| Dataset records |
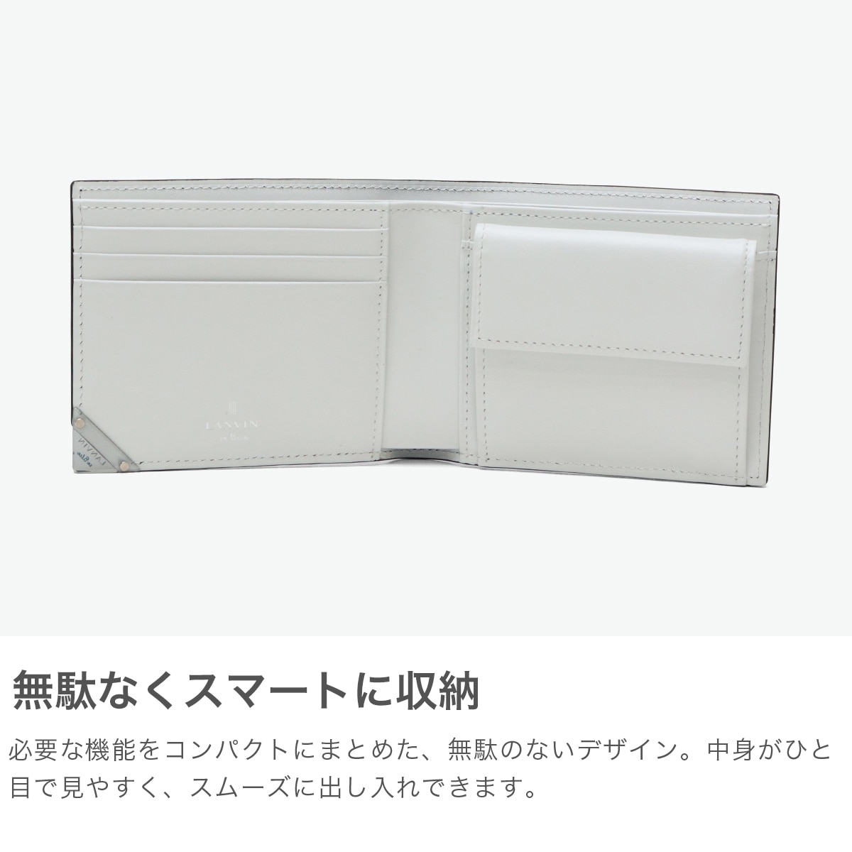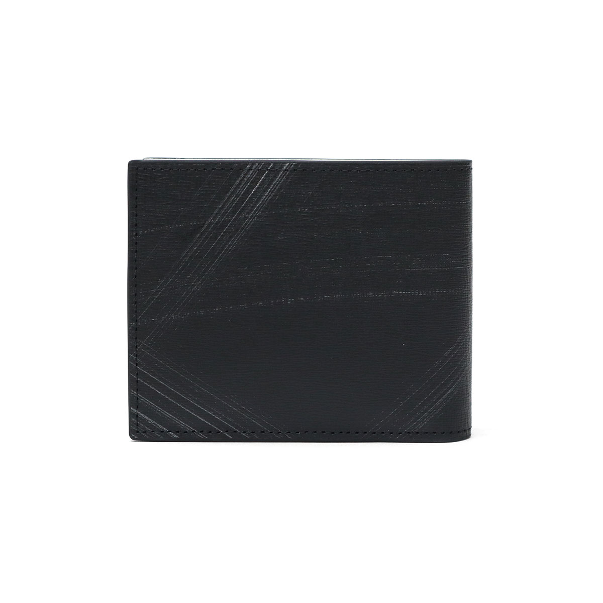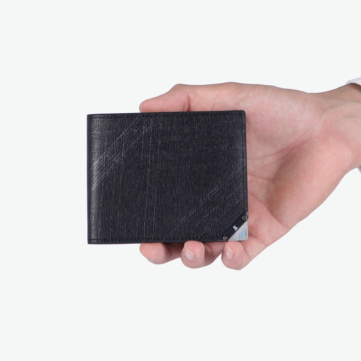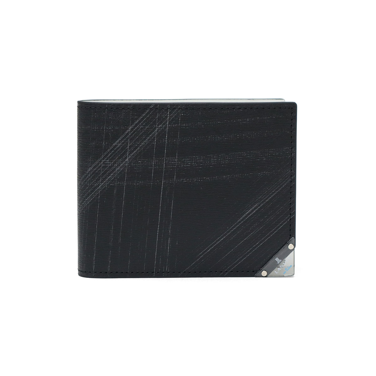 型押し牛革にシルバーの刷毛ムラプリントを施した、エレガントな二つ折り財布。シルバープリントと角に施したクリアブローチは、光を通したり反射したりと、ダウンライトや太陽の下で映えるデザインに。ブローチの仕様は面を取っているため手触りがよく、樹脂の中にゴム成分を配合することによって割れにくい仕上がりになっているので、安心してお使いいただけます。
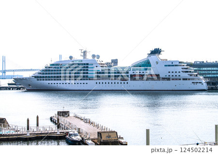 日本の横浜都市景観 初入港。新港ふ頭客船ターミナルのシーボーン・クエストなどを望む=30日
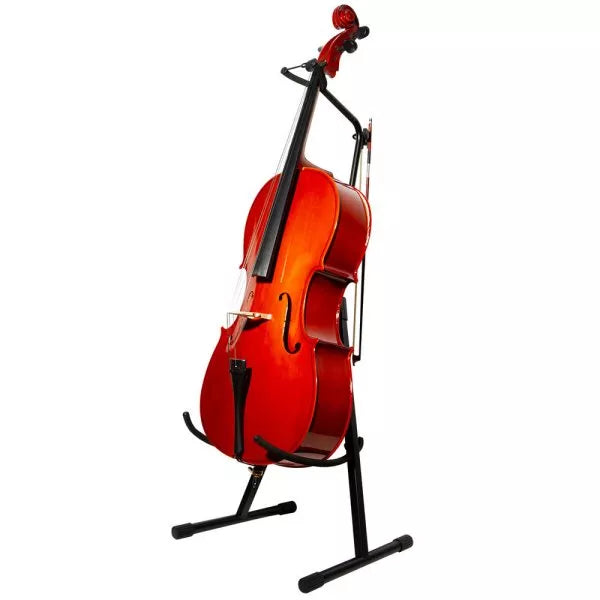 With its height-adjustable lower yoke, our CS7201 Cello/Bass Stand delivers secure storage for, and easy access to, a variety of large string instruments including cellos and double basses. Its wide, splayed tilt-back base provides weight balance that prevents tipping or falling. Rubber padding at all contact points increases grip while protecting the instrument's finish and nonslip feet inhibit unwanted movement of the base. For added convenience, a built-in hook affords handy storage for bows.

* * *

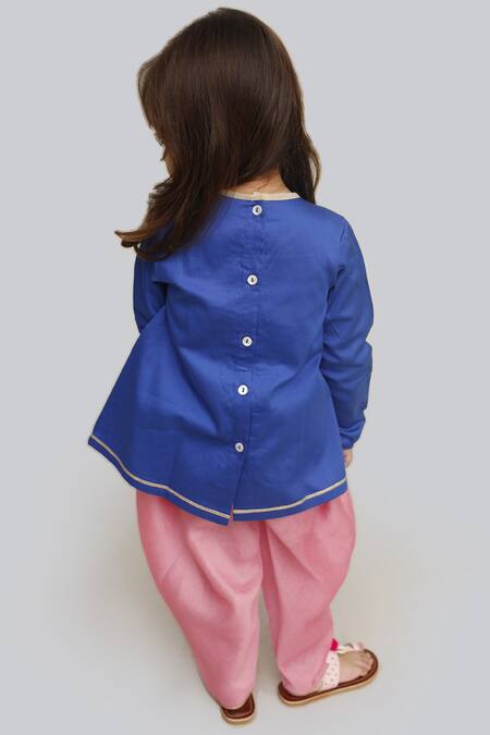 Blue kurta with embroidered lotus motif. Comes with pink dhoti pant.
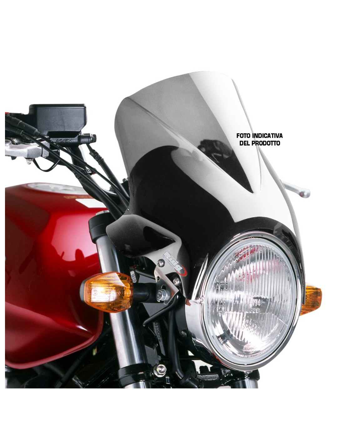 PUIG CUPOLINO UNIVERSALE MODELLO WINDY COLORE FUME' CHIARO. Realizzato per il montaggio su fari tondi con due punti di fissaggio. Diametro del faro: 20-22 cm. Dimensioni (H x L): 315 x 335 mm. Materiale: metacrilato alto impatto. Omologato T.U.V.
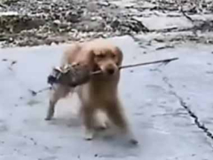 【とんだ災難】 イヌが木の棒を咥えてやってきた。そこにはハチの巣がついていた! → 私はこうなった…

| Task requirements |
Reproduce, exactly and only, the lines of the records above starting at the line with "型押し牛革にシルバーの刷毛ム" and ending at the line with "With its height-adjustable", both included. Leave every picture out.

| Reply to the task |
 型押し牛革にシルバーの刷毛ムラプリントを施した、エレガントな二つ折り財布。シルバープリントと角に施したクリアブローチは、光を通したり反射したりと、ダウンライトや太陽の下で映えるデザインに。ブローチの仕様は面を取っているため手触りがよく、樹脂の中にゴム成分を配合することによって割れにくい仕上がりになっているので、安心してお使いいただけます。
 日本の横浜都市景観 初入港。新港ふ頭客船ターミナルのシーボーン・クエストなどを望む=30日
 With its height-adjustable lower yoke, our CS7201 Cello/Bass Stand delivers secure storage for, and easy access to, a variety of large string instruments including cellos and double basses. Its wide, splayed tilt-back base provides weight balance that prevents tipping or falling. Rubber padding at all contact points increases grip while protecting the instrument's finish and nonslip feet inhibit unwanted movement of the base. For added convenience, a built-in hook affords handy storage for bows.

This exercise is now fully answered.